A firewall node appears to be “dead” after a reboot: rsyslog is running but stops writing further local logs when a configured remote syslog destination becomes unreachable. When this happens the web UI shows errors and becomes unresponsive, some RPC commands block, DNS resolution (when DNS query logging is enabled) fails, and the firewall looks unusable even though core networking is still up. The team reproduced the issue in a VM and found the behavior is triggered by sustained log flooding to an unreachable remote syslog (TCP) target.

Steps to reproduce:

  • Configure rsyslog to forward logs to a remote TCP syslog target that is unreachable (e.g. controller offline).
  • Ensure the rsyslog configuration forwards to remote before local file logging (current problematic ordering).
  • Generate a large continuous stream of log messages on the firewall, for example: a=0; while true; do logger -t xx c$a; ((a++)); done
  • Wait until rsyslog has processed a large number of messages (symptoms observed around ~100k messages on a VM; a much smaller threshold can reproduce in test).
  • Observe that local /var/log/messages stops being written, UI and RPC calls hang, and DNS resolution may fail if query logging is enabled.

Expected behavior:
If a remote syslog destination is unreachable, rsyslog should continue writing local logs and should not block other system services.
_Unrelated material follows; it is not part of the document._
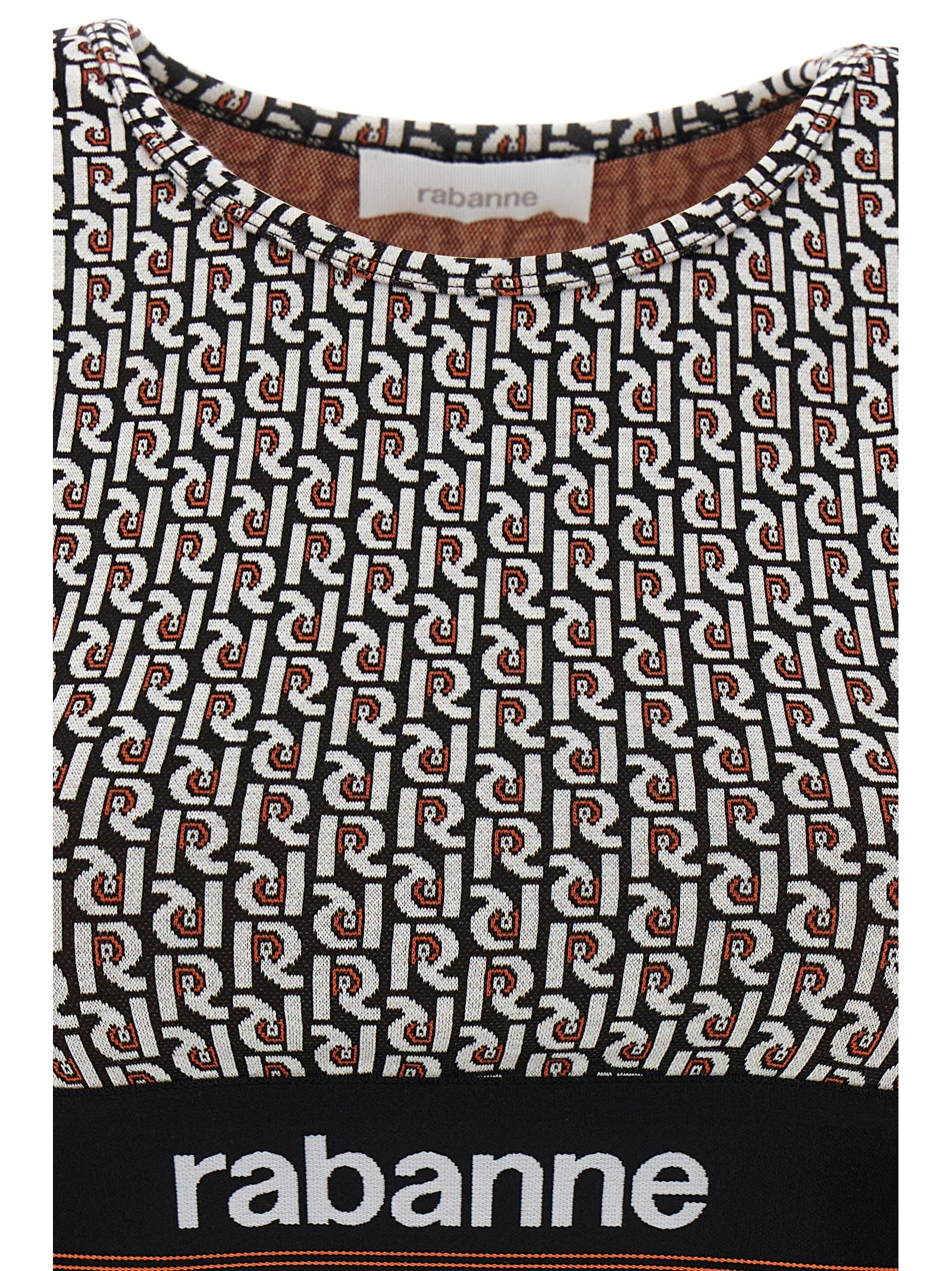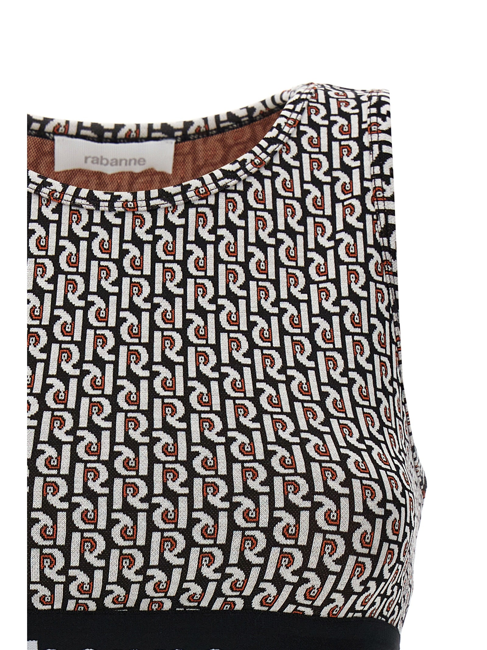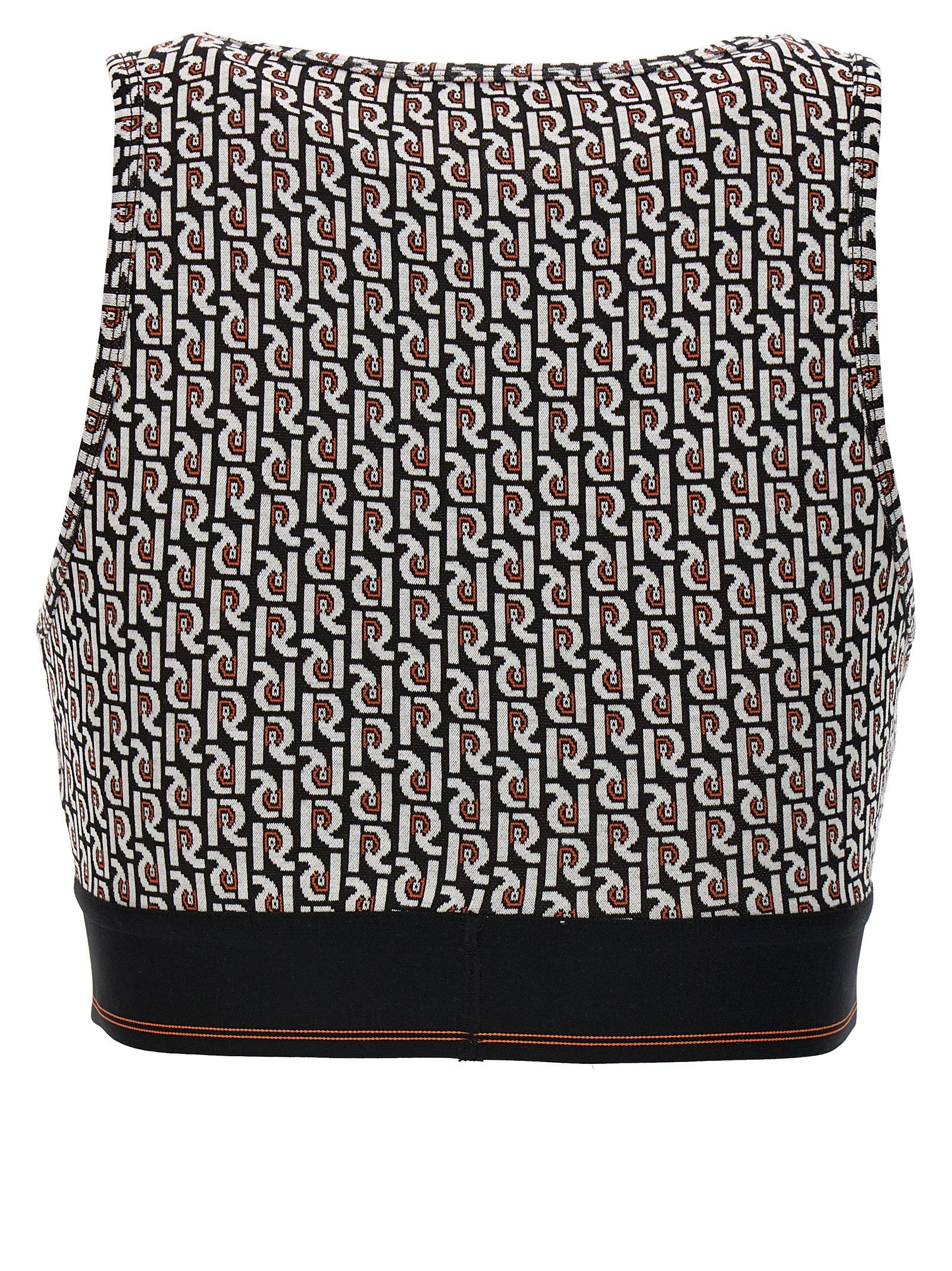 Sport top in tessuto allungato con pattern logo "monogramma" all-over, cintura elastica con logo, stile ritagliato.

The web UI, RPC calls (e.g. ns.dashboard service-status), and DNS resolution should remain responsive. Local logging should be robust in presence of transient or prolonged remote forwarding failures.

Actual behavior:

rsyslog stops writing locally to /var/log/messages after the remote forwarding becomes blocked by a heavy flood of outbound logs.
UI shows multiple errors and becomes unresponsive; some rpcd/ns.dashboard calls block (example: echo '{"service":"netifyd"}' | /usr/libexec/rpcd/ns.dashboard call service-status hangs).
If DNS query logging is enabled, dnsmasq may stop resolving.
The firewall appears “blocked” to users, though network interfaces remain up and some networking still functions.
The root cause observed: remote forward ruleset appears to block logging when the remote TCP syslog peer is unreachable or being hammered; changing rsyslog configuration order (local logging before remote forwarding) prevented the issue in tests.